In his article on the Tewkesbury flooding, James Meek falls into a common error when he writes that there are two ways of looking at the likely occurrence of a once in a hundred years flood: that it hasn’t happened for a hundred years, so isn’t going to happen this year either; or that it hasn’t happened for a hundred years, so is long overdue (LRB, 31 July). There is only one way: rivers have no memory, so every year there is a 1 per cent chance of a flood, no matter how many years have passed since the last one. Whether or not you believe this has nothing to do with whether you’re a ‘hardened gambler’. Some people think they should stop flying because they’ve flown so often that the odds of being in a crash are getting shorter, but they should ask themselves what the odds are for some other passenger on their next flight who has never flown before. The odds of being in a plane crash are the same every time you board a plane no matter how many times you have flown before.

John Clayton
Sydney

James Meek states that ‘Severn Trent plc failed its customers catastrophically for the lack of a £25 million pipeline,’ but given that the chance of an annual flood was 1 per cent, it isn’t clear that spending all that money on a pipeline would have been a wise bet. Long-odds risk analysis is very difficult to implement, because the problem isn’t just a matter of arithmetic. The lottery offers poorer odds than you’d find in any casino, but the contrast between the small stake and the life-changing outcome is so large that it is a defensibly good bet nonetheless; Russian roulette has shorter odds, but losing is catastrophic; house insurance is a long-odds bet we want to lose. A Severn Trent director, a Tewkesbury resident, and a public water utility might well come to different rational conclusions about whether or not an insurance punt was a good idea.

As Meek points out only indirectly, the damage costs are ‘externalities’ for Severn Trent: the company doesn’t bear them. Regulators translate external social costs into financial ones for the private industries they oversee, but they can’t put too many regulations in place without driving the companies away and so undermining the system they are created to curate. Although local authorities include social goods as parts of their goals, they would have difficulty preparing economically for once-a-century events.
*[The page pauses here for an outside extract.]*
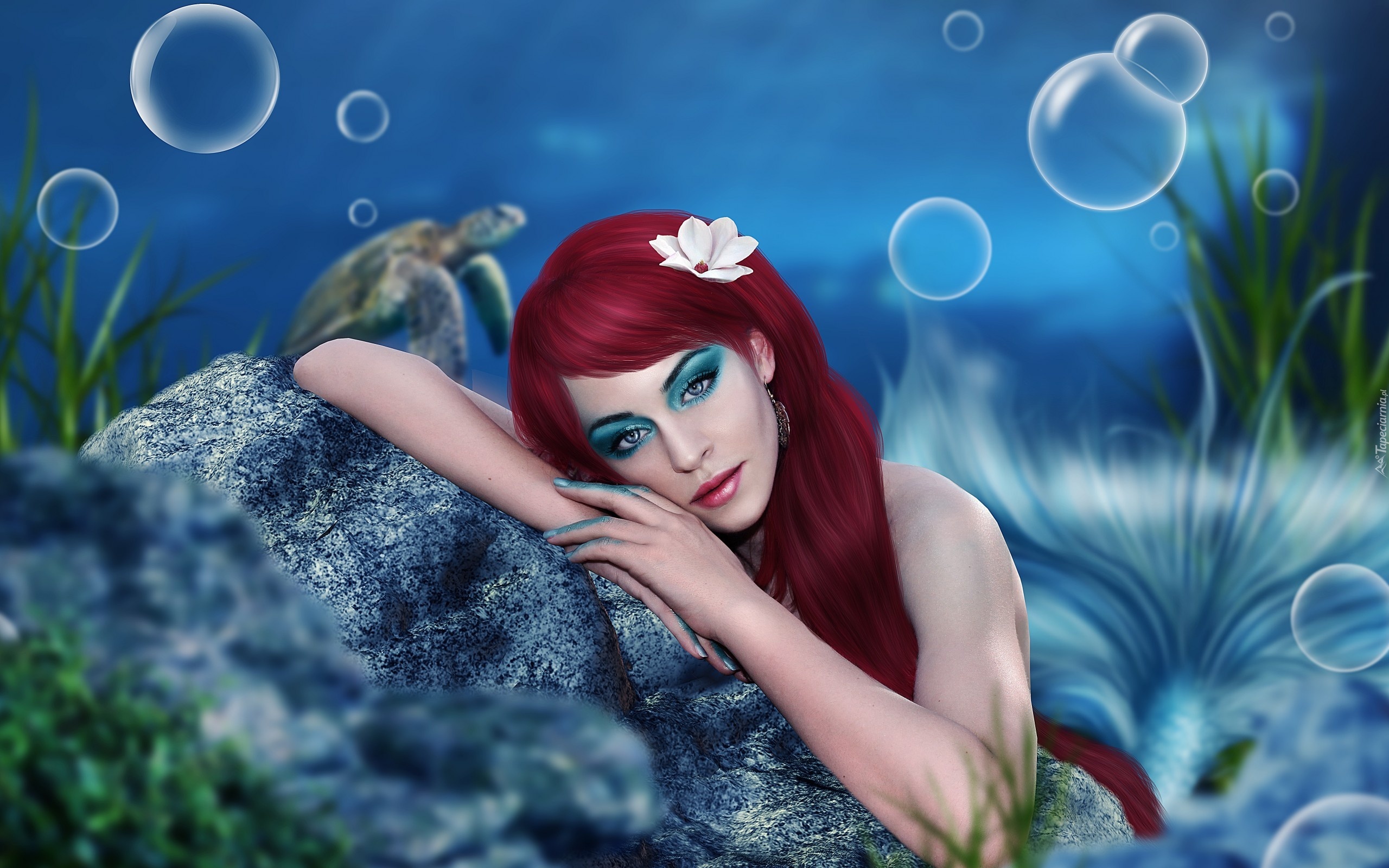 Edytor tapety: Kobieta, Animacja, Podwodny, Świat

In any case, it’s hard to estimate what the real odds of this flood were. As Meek says, the chance of a once in a hundred years event not happening for 137 years is 25 per cent. What that suggests is that it’s more likely than not that the real odds of the Mythe flooding were in fact longer than one in a hundred. High-water records would help with the estimate, but whatever the odds were, one effect of climate change is that they are probably shorter now than they were 137 years ago, and perhaps even becoming short enough to be calculated with a degree of accuracy. Shorter odds would promote floods such as this one from the category of the rationally ignorable to an anticipatable contingency whose compensation costs Ofwat would no longer excuse.

Norman Gray
University of Glasgow

Definitely Welsh

Stefan Collini exaggerates the ‘Englishness’ of Raymond Williams’s early work (LRB, 31 July). Even in the 1950s, Williams was quite aware that he was Welsh and his republican ‘we’ therefore refers to ‘we moderns’, ‘we socialists’, ‘we from the working class’, ‘we who live with the consequences of industrialisation’ and even ‘we British’ – but not, as Collini has it, ‘we in England’. Terry Eagleton described Williams as a ‘British Lukács’, not an English one, and Tony Pinkney as a ‘British Bloch’. Even the Times picked him as the ‘British Sartre’. The reason he could never have been the ‘English Greenblatt’ – a ridiculous conceit of Collini’s – is that Greenblatt was Williams’s student, not the other way round. The problem with Fred Inglis’s biography, which Collini doesn’t seem to appreciate, is that it sees the later Williams as a kind of Richard Hoggart fallen among theoreticians. This is mistaken even as a view of the early work: like it or not, Williams was always more of a Marxist – and more of a theoretician – than Hoggart.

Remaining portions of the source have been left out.